Nokogiri does not execute Javascript however the link has to be there or at least there has to be a link to some API that returns the link.

First place where I would search for it would be the data attributes of the image element or its parent however in this case it was hidden in an inline script along with some other interesting data about the movie.

First download the web page using curl or wget and open the file in text editor to see what Nokogiri sees. Search for something you know about the file, I searched for ce7ed2a83f part of the image url and found the JSON.

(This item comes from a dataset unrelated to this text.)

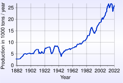 Producción en 2023 (mineral)[17](en toneladas/año) |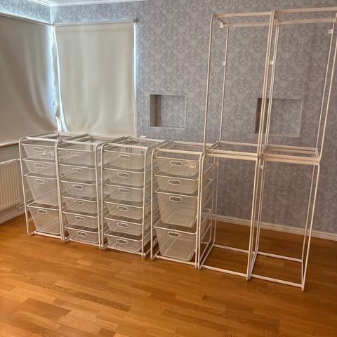 Extremt bra IKEA garderobsinredning, 40 bred och 60 djup. Får tyvärr inte plats med detta i nya boendet så kom om fynda. Jag har en lika stor uppsättning till om ni vill ha mer! Välkomna!

Then the data can be extracted like this:

require 'nokogiri'
require 'open-uri'
require 'json'

url = "https://letterboxd.com/film/glass-onion-a-knives-out-mystery/"
serialized_html = URI.open(url).read
html = Nokogiri::HTML.parse(serialized_html)

data_str = html.search('script[type="application/ld+json"]').first.to_s.gsub("\n",'').match(/{.*}/).to_s
data = JSON.parse(data_str)
data['image']